Thor Hushovd has reiterated his belief that wining clean during a period of widespread doping in professional cycling was possible. The Norwegian was speaking during a press conference to publicise the release of his autobiography.

The recently retired 36-year-old faced questions relating to his career but others, including fellow ex-professionals Lance Armstrong and Christophe Bassons.

All three riders’ careers overlapped, with Bassons – seen as bastion of clean cycling by many due to his stance in the post-Festina era – vilified by a number of his former colleagues.

Hushovd’s autobiography was provided to a selection of the Norwegian national press on Wednesday and the immediate talking point centred around a short conversation he had held with Lance Armstrong in 2011. It’s alleged that the American told Hushovd "all of us did it", during a chat about doping.

Hushovd kept the conversation private until the revelation appeared in his book. He immediately faced criticism from the Norwegian anti-doping authorities for withholding the information.

Bassons was brought up during Hushovd’s press conference by one national journalist as an example of a clean rider forced out of the sport for speaking out against doping.

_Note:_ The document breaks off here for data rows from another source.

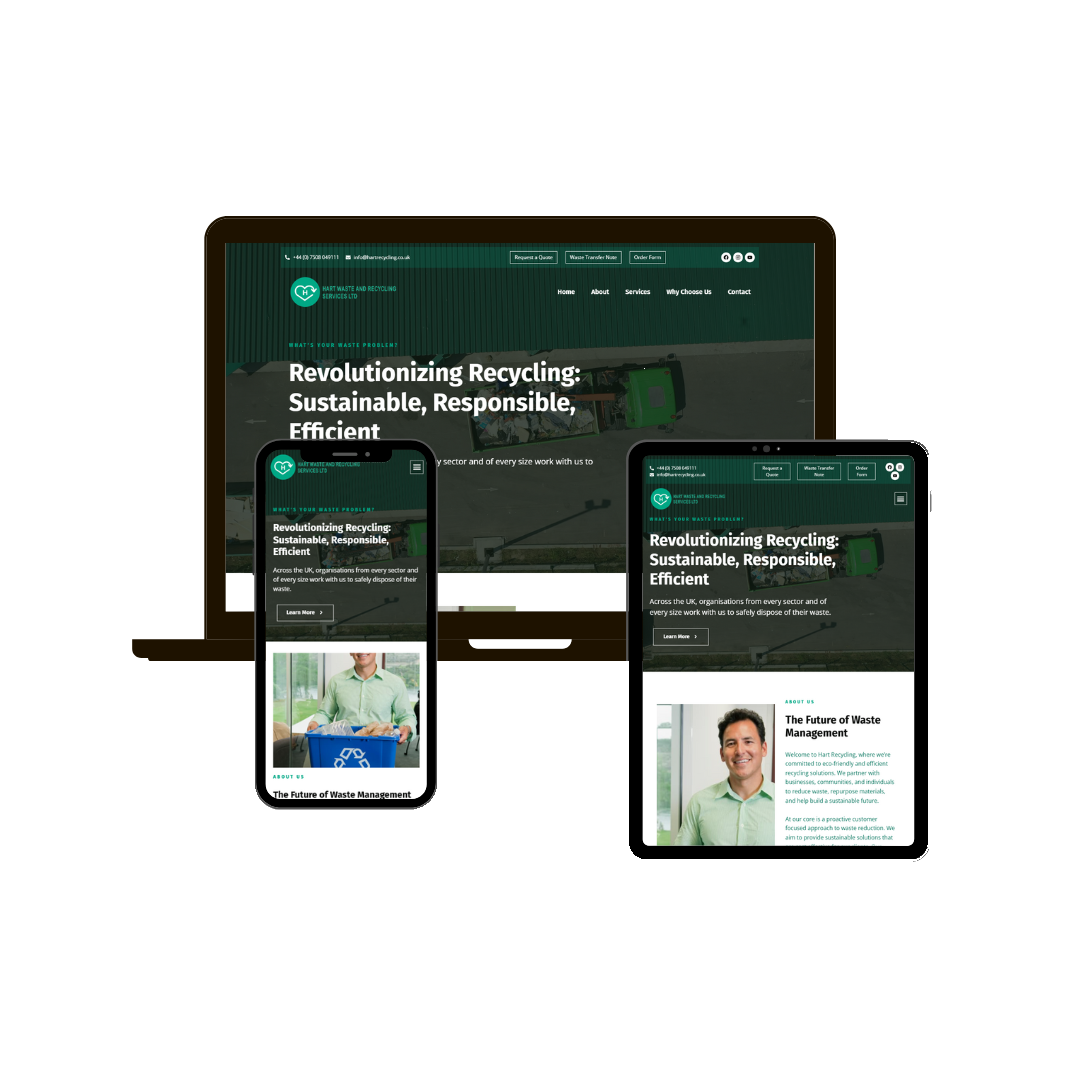 We developed an eco-conscious website for a recycling and waste management business, highlighting their commitment to sustainability and environmental impact. The design features a clean, modern layout that resonates with their green mission.
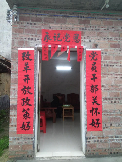 贫困户手写悬挂“永记党恩”对联。(来源:四会市委组织部供图)
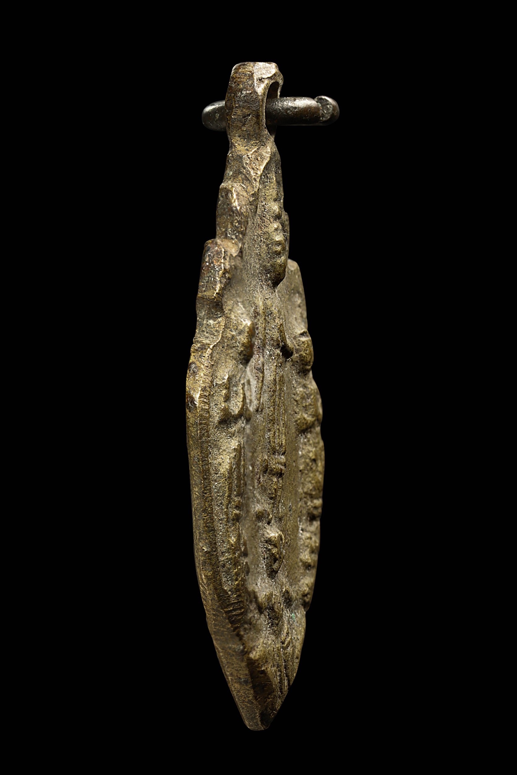 เหรียญหล่อหลวงพ่อคง วัดบางกะพ้อม รุ่นแรก พิมพ์หนุมานแบกพระโมคคัลลา-สาริบุตร ปี 2460 เนื้อโลหะผสม จ.สมุทรสงคราม
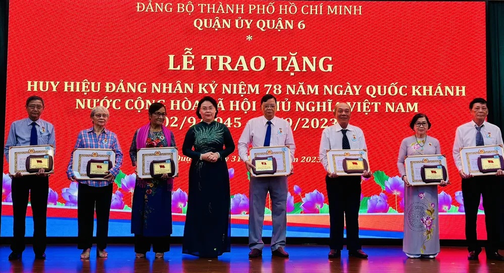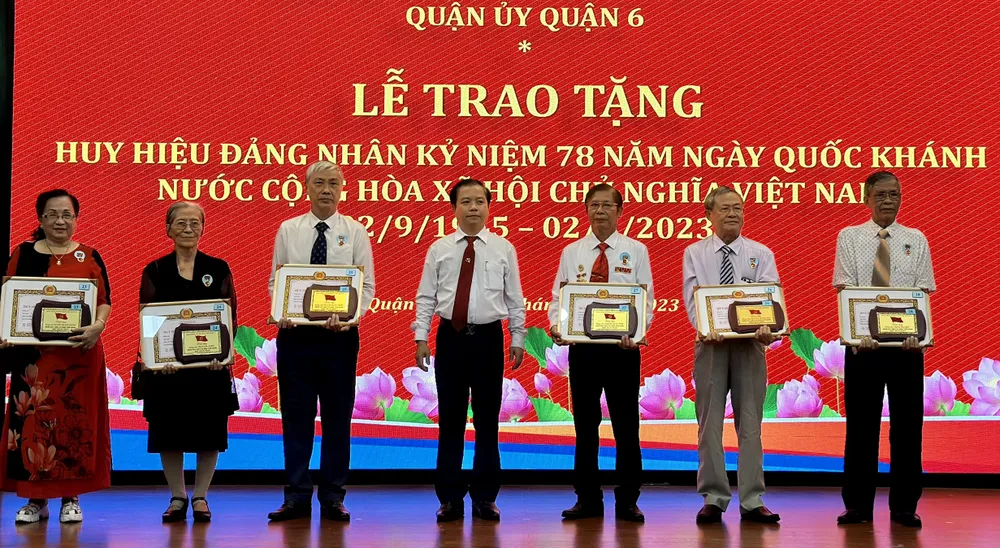 Dịp này, Quận ủy quận 6 đã trao tặng Huy hiệu 60 năm tuổi Đảng (5 đồng chí); Huy hiệu 55 năm tuổi Đảng (9 đồng chí), Huy hiệu 50 năm tuổi Đảng (8 đồng chí, Huy hiệu 45 năm tuổi Đảng (7 đồng chí); Huy hiệu 40 năm tuổi Đảng (24 đồng chí) và Huy hiệu 30 năm tuổi Đảng (14 đồng chí).
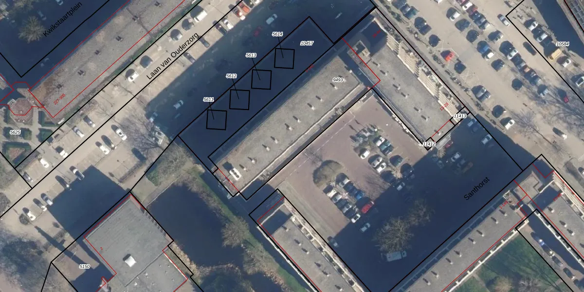 Laan van Ouderzorg 134 is gelegen op kadastraal perceel LDD00A9493. Deze kadastrale aanduiding is uniek en wordt gebruikt door het Kadaster om eigendomsrechten en andere zakelijke rechten vast te leggen. Het perceel maakt onderdeel uit van de kadastrale gemeente Leiderdorp.
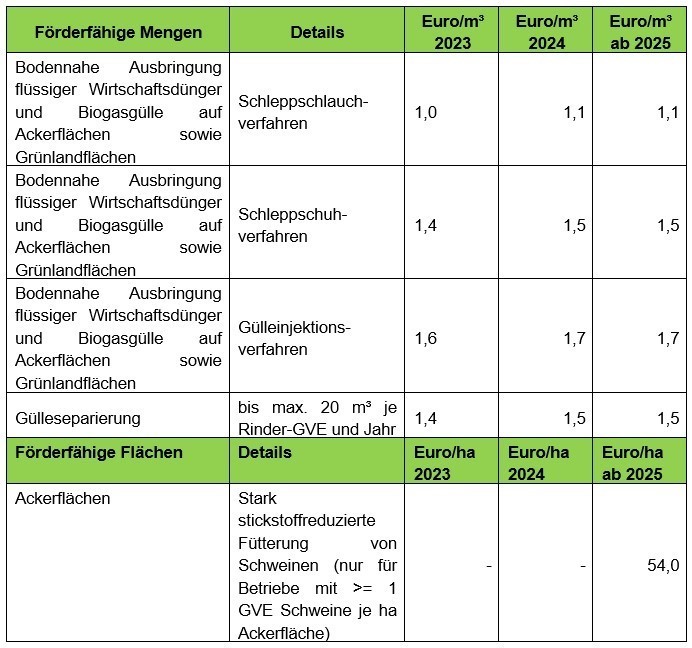 Die Unterstützung wird für die bodennahe Ausbringung flüssiger Wirtschaftsdünger und Biogasgülle auf Acker- und Grünlandflächen, sowie für die Gülleseparierung von Rindergülle sowie ab dem Antragsjahr 2025 für die stark stickstoffreduzierte Fütterung von Schweinen gewährt. Gefördert werden Kosten, die durch den Einsatz von bodennahen Gülleausbringungsgeräten für die Ausbringung von Wirtschaftsdünger und Biogasgülle auf Acker- und Grünlandflächen als auch durch die Gülleseparation und ab dem Antragsjahr 2025 durch die stark stickstoffreduzierte Fütterung anfallen.
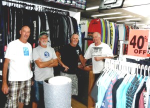 A chance for some old mates Crow, Jim, Al and Roy to catch up at Roy’s Pacific Dreams Surf Shop 8/12/2012.
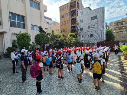 今日は1・2年生の遠足です。秋の大阪城公園で楽しく活動します。昨日からてるてる坊主をつくったおかげで、とても良い天気になりました。
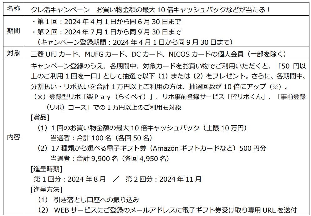 三菱UFJニコス、カード会員向けにキャンペーン実施!1回のお買い物金額の最大10倍キャッシュバックなどが当たる!!
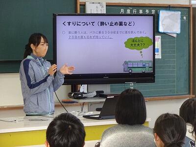 1月26日(金)2~4校時、宮崎交通さんによる「バスの乗り方教室」に4年生が参加しました。まずは2台のバスが学校に到着。そのうち1台はポケモン:ナッシーのラッピングバスで、子どもたちはうれしそうに見ていました。路線バスの仕組みや設備、乗り方等について説明を聞いた後、実際に整理券を取りながら2台のバスに乗り込み、宮交バスの整備工場、延岡市清掃工場の見学に出かけていきました。
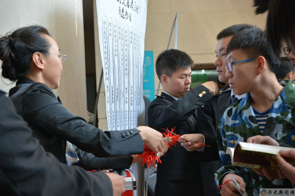 活动中,邢老师向同学们赠送了带有海大校训的书签,她强调“坚定、严谨、勤奋、开拓”的海大精神在书的海洋里都能被探索寻求到,之后,她又向同学们介绍了本次社科类图书展览会的目的和展出书籍所涵盖的领域。随后,同学们开始自由阅览本次书展所展出的书籍,他们还时不时的与老师进行交流,期间,邢老师和同学们还一起整理了书展现场。最后,邢老师对本次活动进行了总结,她希望每位同学都能以本次活动为起点和契机,好好学习,天天阅读,争取早日成为国家的栋梁之材。
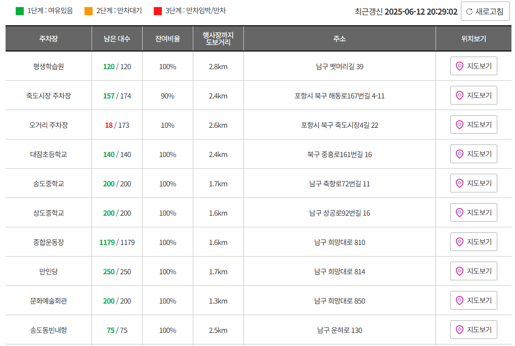 또한 포항국제불빛축제는 실시간 임시주차장의 자리 여부에 대해서 확인이 가능합니다.
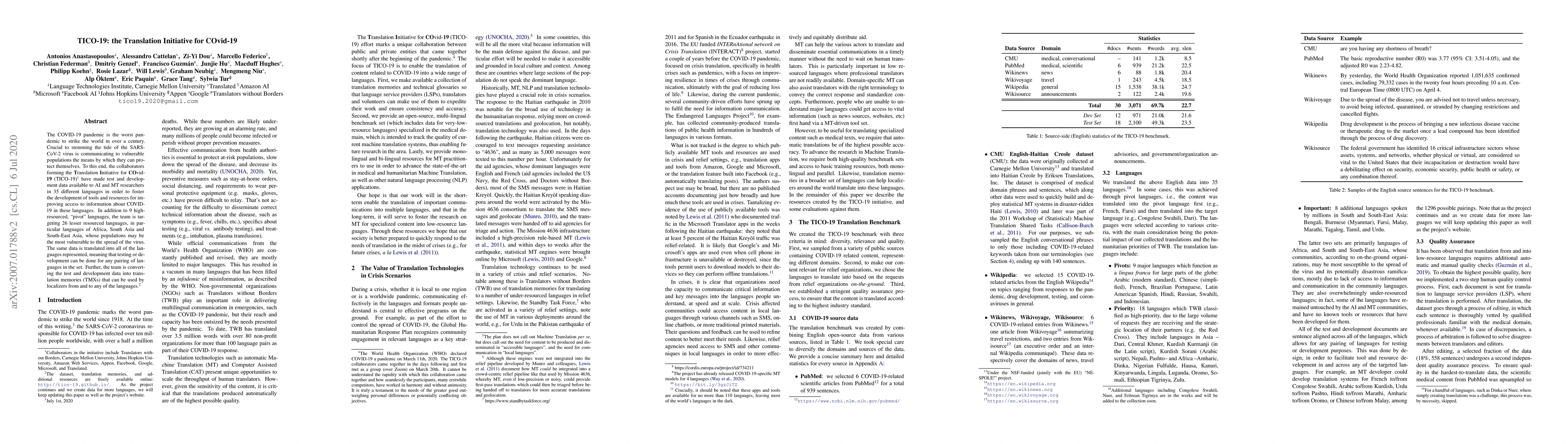 The COVID-19 pandemic is the worst pandemic to strike the world in over a century. Crucial to stemming the tide of the SARS-CoV-2 virus is communicating to vulnerable populations the means by which they can protect themselves. To this end, the collaborators forming the Translation Initiative for COvid-19 (TICO-19) have made test and development data available to AI and MT researchers in 35 different languages in order to foster the development of tools and resources for improving access to information about COVID-19 in these languages. In addition to 9 high-resourced, "pivot" languages, the team is targeting 26 lesser resourced languages, in particular languages of Africa, South Asia and South-East Asia, whose populations may be the most vulnerable to the spread of the virus. The same data is translated into all of the languages represented, meaning that testing or development can be done for any pairing of languages in the set. Further, the team is converting the test and development data into translation memories (TMXs) that can be used by localizers from and to any of the languages.
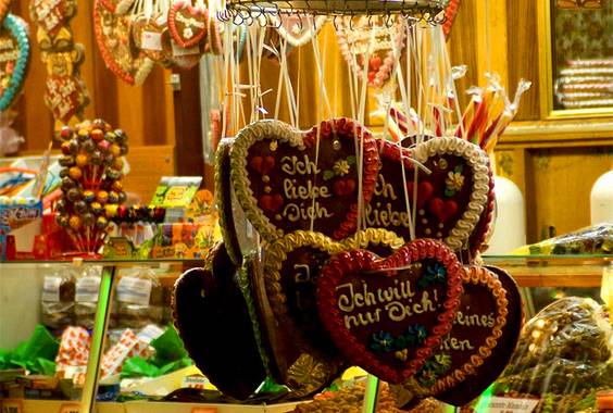 德国姜饼是一种介乎于蛋糕与饼干之间的小点心,也是德国的传统圣诞节糕饼。德式姜饼的主要原料包括了蜂蜜、香料、坚果与糖渍的水果干等,口味上根据配方与做法的不同,从甜味到带有香辛料气味的辣味姜饼都有。根据主要的配方不同,德式姜饼有时又被称呼为蜂蜜饼(Honigkuchen)或椒味饼(Pfefferkuchen)。姜饼的形状五花八门,最常见的是圆饼状,但是如果你来柏林的时间刚刚好赶上圣诞节,那么你幸运的可以买到平时买不到的各式各样的精美姜饼,每个都像艺术品一样,不但可以吃还可以收藏。因为在圣诞节人们买姜饼赠与亲戚朋友作为节日贺礼是非常流行的习俗之一。德国最流行是写有“Ich Liebe Dich”的装饰性姜饼,就是“我爱你”的意思,买来送给他(她)最合适了。
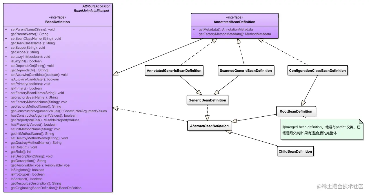 为什么一开始要先讲BeanDefinition呢,不管基于什么配置方式都需要生成BeanDefinition,在Bean的生命周期中,第一步也是getMergedBeanDefinition。
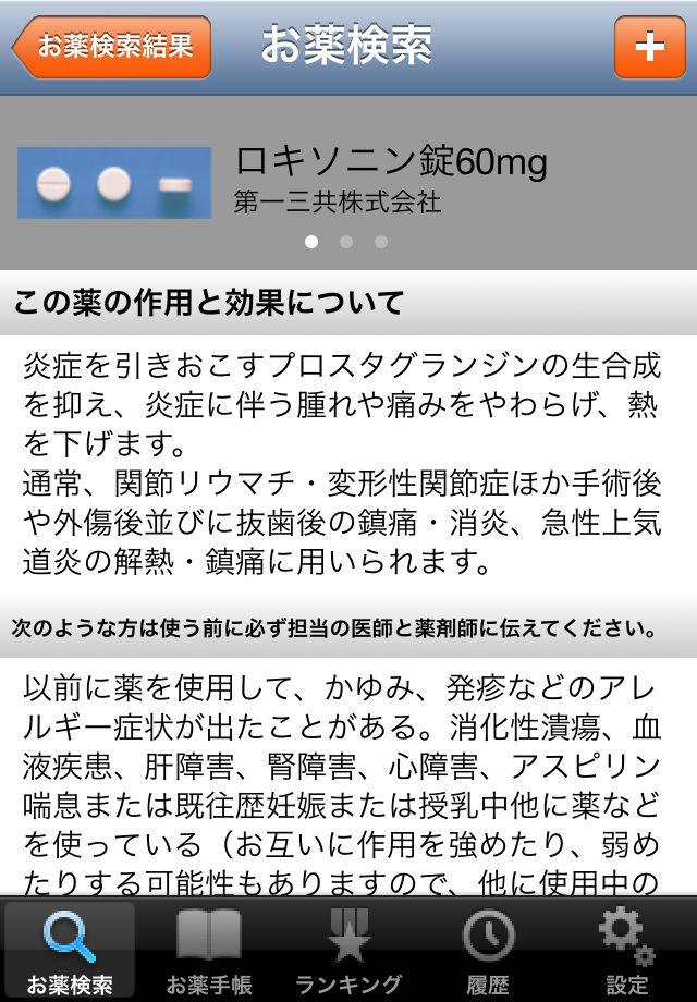 [お薬検索結果]の画面で、[ロキソニン錠60mg]をタップしました。発熱や頭痛、抜歯後などによく処方されるお薬ですね。[ロキソニン錠60mg]について、薬剤の写真と『この薬の作用と効果について』『用法・容量(この薬の使い方)』『副作用』『保管方法その他』が表示されました。処方薬の約90%、市販薬の約70%には製薬会社から提供された最新写真が掲載されています。写真に加えて、詳しい説明も書かれているので、薬剤師さんに聞きそびれたことを確認することができました!画面を左にスワイプすると、大きめの写真と『薬価』『剤形』『医薬品分類』『シート記載』『製薬会社』『主成分』の画面が表示され、より詳しい情報を見ることができました。さらにもう一度左にスワイプすると、Twitter投稿画面が表示されました。このお薬に関する感想や質問などをTwitterに投稿する事ができます。画面右上の[+]ボタンをタップすると、お薬手帳にこのお薬の情報を追加することができます。[お薬手帳1]~[お薬手帳4]の4つのお薬手帳があり、手帳名(ラベル)も設定画面から変更できるので、家族ごとや疾患ごとにお薬を分類して登録すれば、マイお薬手帳が作れます。また、お薬ごとにメモを残せるので、どんな病気で処方されたのかなどを書き留めておくと良いですね。お薬と上手に付き合って、健康を維持しましょう!
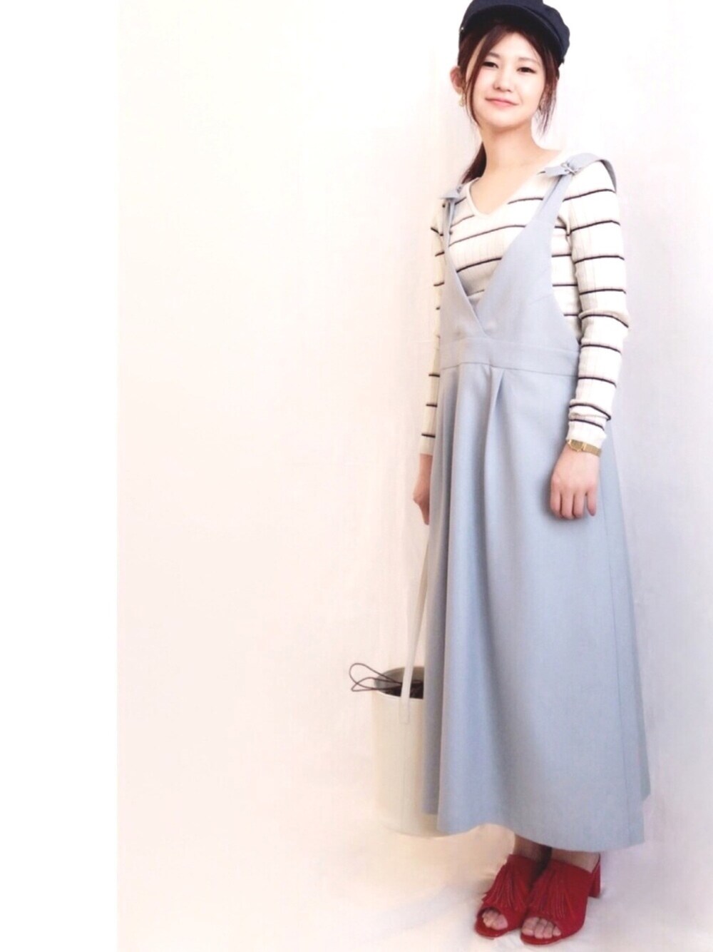 春カラーのサロペットを ボーダーインナーで 大人カジュアルに✨ 💐model:yoshimi💐 甘めカジュアルなyoshimiのwearも ゼヒcheckしてみてください♩
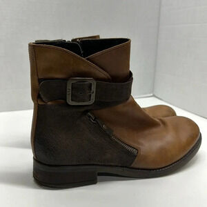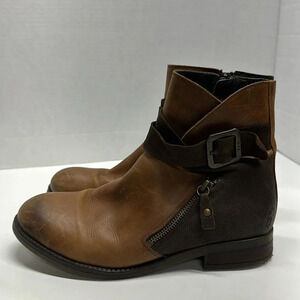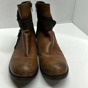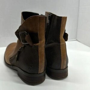 Fly London Ankle Boots Booties Leather Buckle Side Zip Tan Brown Size 40 9 - 9.5
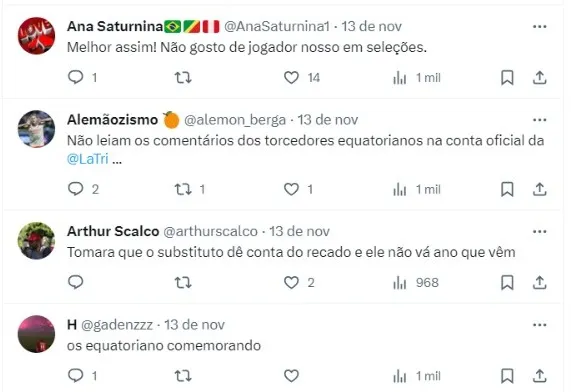 O jogador do Internacional, vale lembrar, foi cortado da seleção equatoriana durante a Data FIFA após um desconforto na coxa. O atleta sentiu dores na derrota por 3 a 0 para o Palmeiras.

Bassons has stated before that it was almost impossible for him win clean during his career, something that Hushovd altogether disagreed with.

“He probably had a rough time when riding, but he should also have the guts to look at himself. Because, he has said it was impossible to compete at top level [chasing wins, ed.] without using doping. Then he has to look at himself: Did he do a good enough job? Was his talent big enough? Did he eat the right food? He must look himself in the mirror. I’ve never seen anyone ask him those questions. Because it is possible. I did it,” Hushovd said.

“I left the quit Tour of California when Lance sent me a text message. He asked me to come to Hollywood where he got me a hotel room. And then…. We had nice weekend. Out of the blue he said: 'Thor, let’s face it. Everybody did it'. I was surprised. He said that in a private setting.”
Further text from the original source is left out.